-- Material for the task follows --
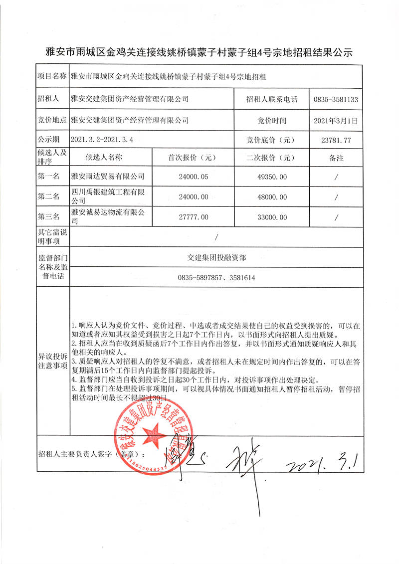 雅安交建集團資產經營管理有限公司雅安市雨城區(qū)金雞關連接線姚橋鎮(zhèn)蒙子村蒙子組4號宗地招租結果公示
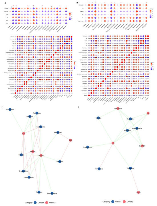 Relationships between bacterial community and C and N conversion or humification properties based on Pearson results (A,B) and Spearman results (C,D). Red and blue colors represent positive and negative correlations in the Pearson results, respectively. Red and green lines represent positive and negative correlations in the Spearman results, respectively. Pink and blue nodes represent C-N conversion and humification, respectively, with the size indicating the connectivity. * means p < 0.05.
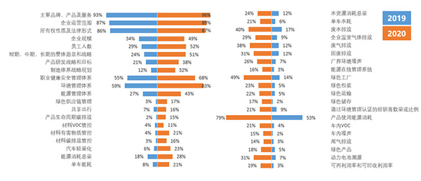 从公开信息内容来看,在汽车研发设计、汽车使用性能表现等方面2019年相比提升幅度较大,如企业主要产品品牌情况公开得分率高达96%,但如材料VOC管控、产品生态性能、生产废物排放等方面仍有较大提升空间;同时定量信息和年度改善情况总体透明度不高,得分率在20%以下。
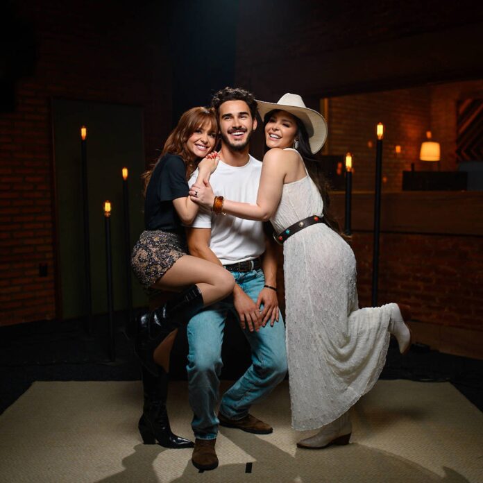 A dupla Maiara e Maraisa posa com o cantor fictício João Raul (personagem do ator Filipe Bragança), com quem gravou o single ‘Fora de compasso’
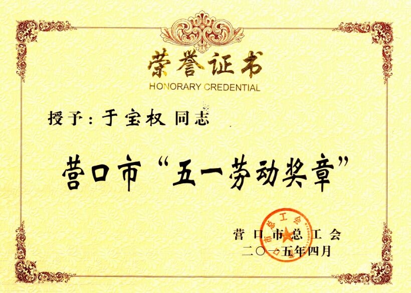 在五一國際勞動節(jié)來臨之際, 4月28日上午,市總工會召開的2015年營口市“五一勞動獎狀”和“五一勞動獎?wù)隆北碚么髸?,于寶?quán)董事長榮獲“市五一勞動獎?wù)隆笔鈽s;4月29日上午,在站前區(qū)政府召開的“站前區(qū)勞動模范先進集體表彰會”上,于洪濤總經(jīng)理榮獲“站前區(qū)勞動模范”殊榮。所獲得的殊榮是市政府、區(qū)政府對兩位領(lǐng)導(dǎo)者多年來兢兢業(yè)業(yè)工作、不斷奉獻社會的稱贊;也是對我們中天集團十四載風雨兼程,穩(wěn)健發(fā)展的充分肯定。
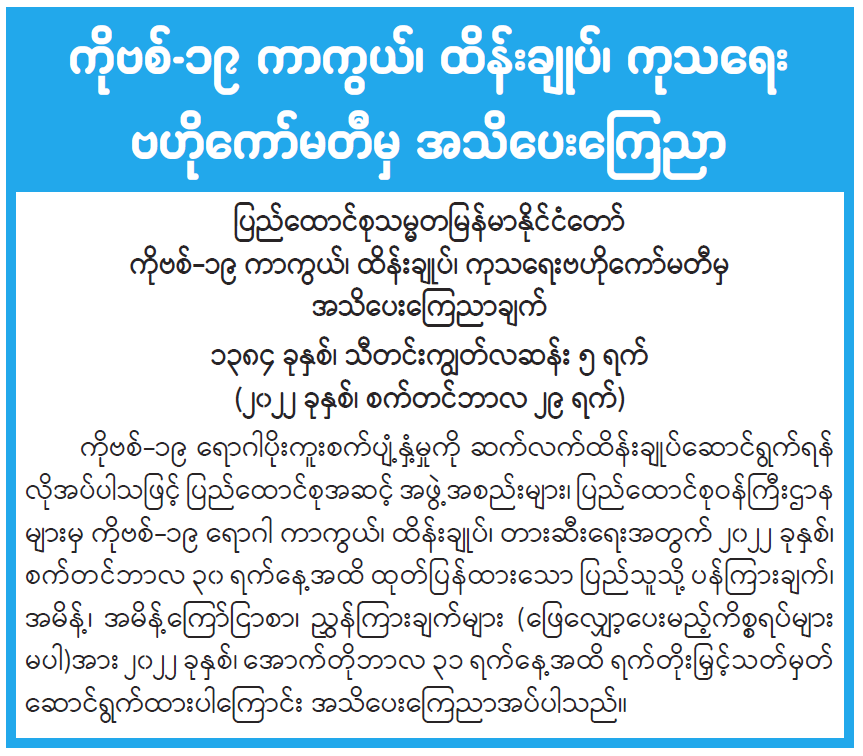 ကိုဗစ်-၁၉ ကာကွယ်၊ ထိန်းချုပ်၊ ကုသရေး ဗဟိုကော်မတီမှ အသိပေးကြေညာ
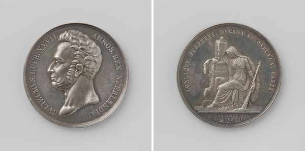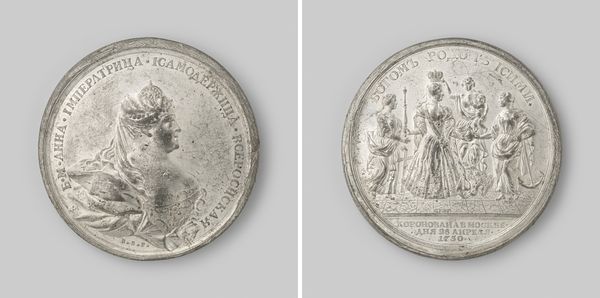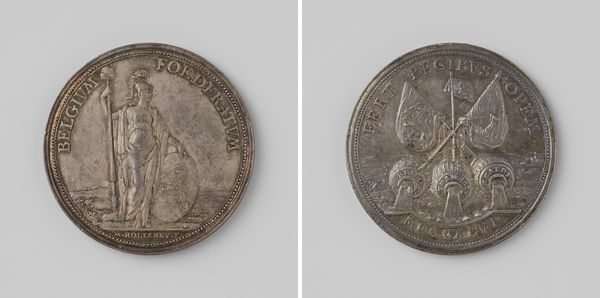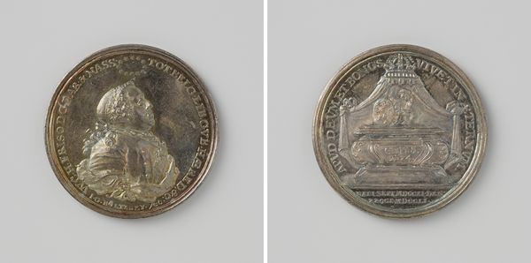 Curator: Let's turn our attention to this fascinating metal sculpture. It’s titled “Peace of the Pyrenees, at the meeting between the French and the Spanish King” and was created sometime between 1699 and 1703 by Jean Mauger. Editor: It looks so...official. Almost aggressively diplomatic, you know? Like they're trying really hard to sell the idea of peace. And the wigs! I could get lost in those baroque swirls forever. Curator: Indeed! These commemorative medals, as objects, held considerable socio-political power. They weren't merely artistic expressions; they were tools of statecraft, circulated to solidify the image of Louis XIV, here "Ludovicus XIII Rex Christianiss" King of France. The event this represents, The Peace of the Pyrenees, marked the end of a long conflict between France and Spain and reshaped the power dynamics of Europe. Editor: Ah, so a bit of spin, then. History bronzed, or in this case, silvered! But look at the way those figures are rendered, it's so stiff! I can almost feel the weight of expectation bearing down on them. The shaking of hands, a bit underwhelming maybe? As the dawn of diplomacy… I can't put my finger on it. Curator: The scene on the reverse, showing the royal meeting, is rendered in a rather conventional baroque style. Notice the deliberate emphasis on the regal bearing of both monarchs, and the inscription Pax Aut Turnas --Peace and you should leave. Also keep in mind these images were meant to convey a certain narrative to those viewing and holding the sculpture in their hand. Consider its distribution: to diplomats, nobles, wealthy merchants to impress. Editor: Definitely! But thinking beyond the PR, I like pondering about the real people—Louis XIV, for one. Stuck in those elaborate clothes, those expectations…it humanizes everything, in a slightly pathetic way. Curator: Exactly. Objects like this offer us valuable access point to the machinations and myth-making that underpinned early modern European power. Editor: Yeah. It's like holding a little piece of propaganda, but a beautiful one. Makes you wonder what our coins and medals will say about us centuries from now!
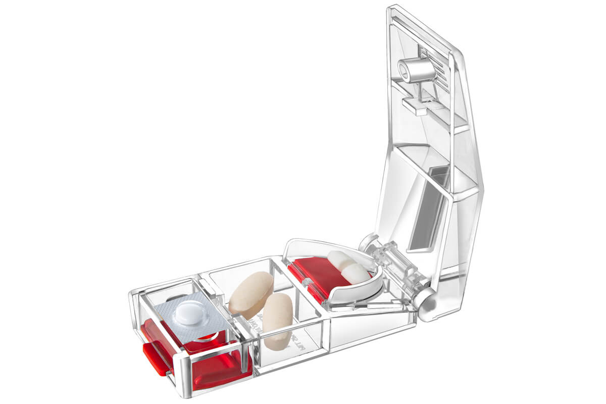 - Its innovative built-in pill puncher provides a convenient way to assist in pill removal from blister packs or unit dose packaging.
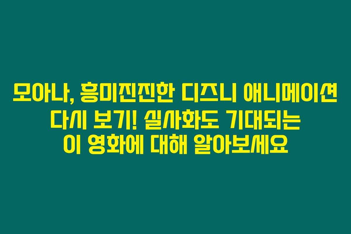 모아나, 흥미진진한 디즈니 애니메이션 다시 보기! 실사화도 기대되는 이 영화에 대해 알아보세요
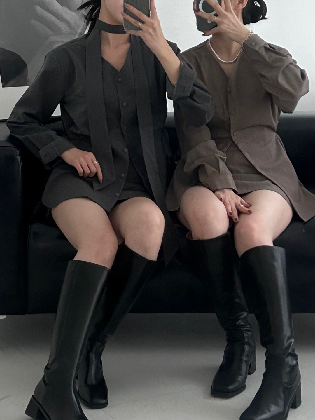 [SET] 테런 브이넥 타이 자켓 스커트 셋업
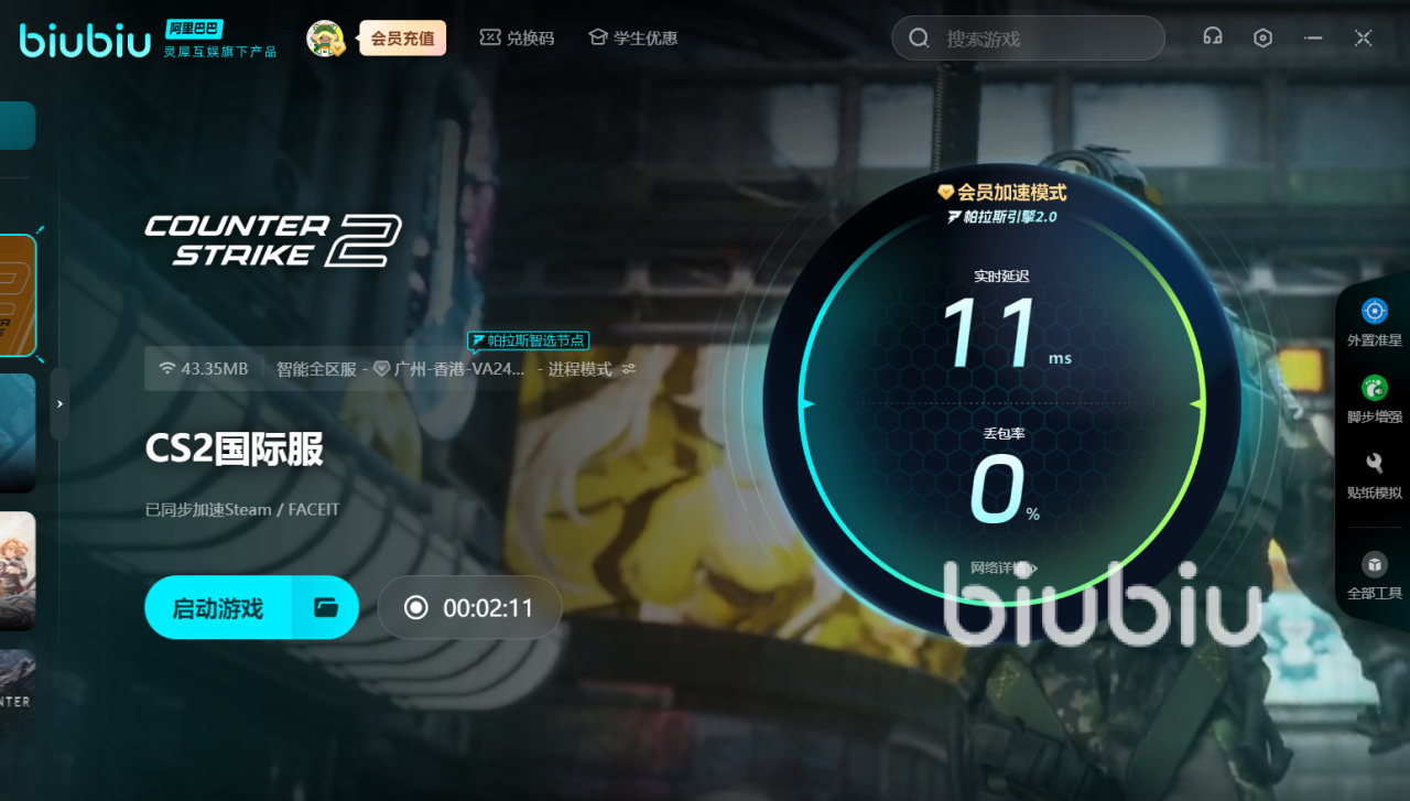 csgo的新引擎升级后变成cs2,游戏画面、光影效果、动画流畅度等方面都得到了大幅度提升,而这些精美的设计和细腻的战术布局也给玩家带来了全新的游戏体验。但正因为游戏的要求更高,稳定的网络变得至关重要。如果网络不稳定,卡顿、掉帧的情况就会频繁发生,直接影响战斗中的反应速度,甚至可能错失致命一击!而这时,biubiu加速器就成了拯救战局的关键。
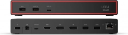 Lenovo ThinkPad USB4 Smart Dock 5500 er en moderne dokningsstation designet til problemfrit arbejde på kontoret og på farten. Takket være USB4 med 40 Gb/s båndbredde tilslutter du nemt eksterne skærme med højere opløsning og opdateringshastighed, overfører data hurtigt og oplader samtidig din bærbare computer.
-- Material for the task concluded --
_What you have to do:_ Although the records hold pictures, the copy must not; give again exactly the lines from the one with "在五一國際勞動節(jié)來" through the one with "ကိုဗစ်-၁၉ ကာကွယ်၊ ထိန်းချုပ်၊".

_Answer:_
 在五一國際勞動節(jié)來臨之際, 4月28日上午,市總工會召開的2015年營口市“五一勞動獎狀”和“五一勞動獎?wù)隆北碚么髸?,于寶?quán)董事長榮獲“市五一勞動獎?wù)隆笔鈽s;4月29日上午,在站前區(qū)政府召開的“站前區(qū)勞動模范先進集體表彰會”上,于洪濤總經(jīng)理榮獲“站前區(qū)勞動模范”殊榮。所獲得的殊榮是市政府、區(qū)政府對兩位領(lǐng)導(dǎo)者多年來兢兢業(yè)業(yè)工作、不斷奉獻社會的稱贊;也是對我們中天集團十四載風雨兼程,穩(wěn)健發(fā)展的充分肯定。
 ကိုဗစ်-၁၉ ကာကွယ်၊ ထိန်းချုပ်၊ ကုသရေး ဗဟိုကော်မတီမှ အသိပေးကြေညာ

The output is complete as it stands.